CARAVAN, TRAIN AND INLAND WATERWAY TRANSPORT ARE THE SAME BY NATURE, AS FAR AS PARTIAL SHIPMENTS ARE CONCERNED
Dear VijayLal, before we answer your question, would you consider the following train transport or tug boat transport situations, which are the same as our caravan situation.
(1) The existing ICC opinion considers that transport by placing cargoes in different carriages pulled by the same locomotive is not considered as a partial shipment. If it were considered as a partial shipment, then all shipments by train should allow for partial shipments or train transport would not be possible. Is this silly?
(2) When the train passes through a high bridge running across a deep valley and the hook connecting the last carriage breaks down. The loosen carriage falls down the valley with the cargo and everything is broken into pieces.
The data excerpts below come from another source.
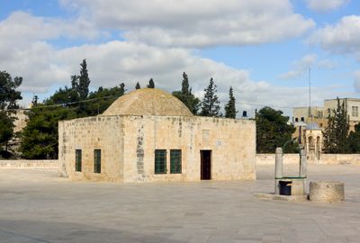 A Cúpula de al-Khalili ergue-se como uma estrutura de tijolos na plataforma central do Monte do Templo.
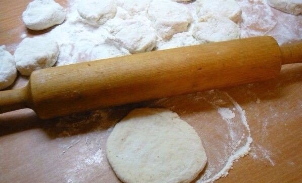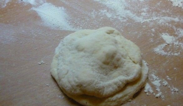 3. Обминаем их в муке и слегка раскатываем скалкой. Кусочков должно быть четное колличество.
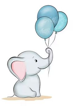 Cute Elephant Holding A Balloon
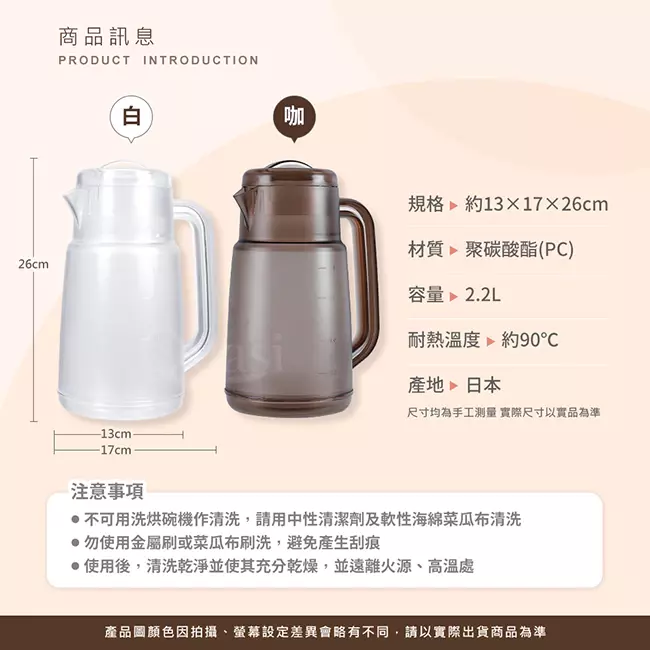 絕版出清|日本製輕量耐摔冷水壺2.2L-共2色
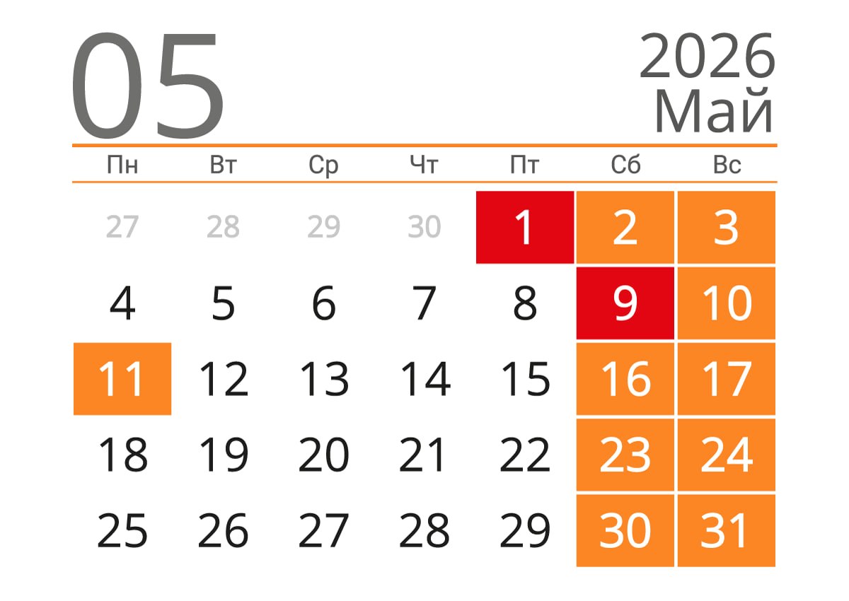 Следующий блок выходных, приуроченный ко Дню Победы — с 9 по 11 мая (с субботы по понедельник).
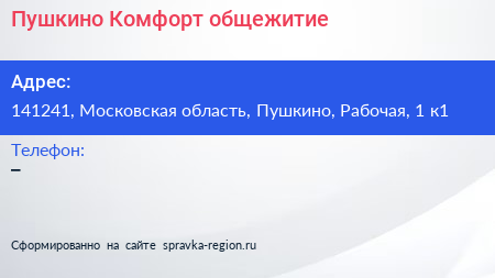 Пушкино-Комфорт, общежитие по адресу 141241, Московская область, Пушкино, Рабочая, 1 к1 в дальнейшем Организация, размещена в следующих категориях:
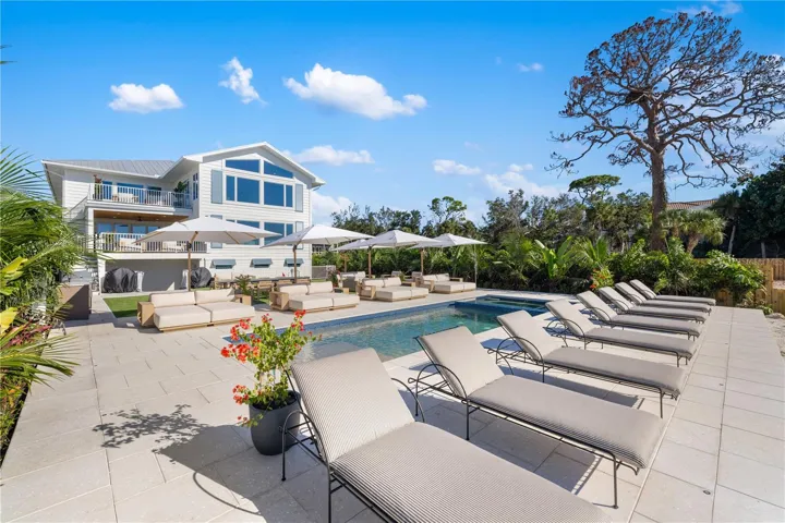 Experience private beachfront coastal luxury at this one-of-one Siesta Key home, thoughtfully curated for comfort, style, and entertainment – by Pham Development. Perfectly positioned off the Gulf, with gorgeous ocean views throughout the rooms – you can watch a world-class sunset view from your master bedroom. Spanning over 6,468 square feet under air and 9,080 total square feet, this exquisite residence captures the essence of resort-style waterfront living on more than half an acre of pristine Gulf-front land. Be at ease with a surrounding elevated riprap shoreline and the imported rocks, offering both protection and privacy.

(3) In this case the result is the same with train "shipment" (not using ships) as in caravan transport as you have pointed out. Then why should the answer be not the same, when the cargo is "shipped" by train and by caravan?
What about two or three barges linked up together and powered by a tug boat in the inland waterway carriage?
Of course, you may "visualize" each truck as a separate "means of conveyance". But common sense tells us that the caravan, inland waterway transport by tug boat and train are the same by nature, as far as "group transport" is concerned.
We may have "parital loss" but not "partial shipment" in a caravan transport.
By the way, when we talk about partial shipments, we are more concerned about the timing of the shipments. That means partial shipments are made at different periods of time, rather than made at the same time, on the sme route and towards the same destination.
So caravan transport is a "new" (as far as UCP is concerned but not new in the transport community) concept not readily understood by non transport community.
Since you are also living in Canada, do you see two or three container trucks carrying goods from the same shipper (warehouse of Canadian Tire or Loblaws supermarket in a more remote location) to the same consignee (a branch in your area). Do you consider them as partial shipments? Please try to ask the same question to the staff working in Canadian Tire and Loblaws and see what you would get.
OUR ADVICE
If one wishes to be a super DC expert, one's thoughts should not be bound by the UCP 500 Articles. Otherwise you are only a slave of the UCP 500 and nothing more.
Use your common sense. It never fails you and it needs not be updated every ten years. For example, in the UCP 400, if the DC is silent, it is revocable. But in the UCP 500, silence means irrevocable. Finally the UCP 500 finds its own common sense.
That is what common sense is all about. We bet that the UCP 2005 would deem caravan transport not as partial shipments. Le us wait and see.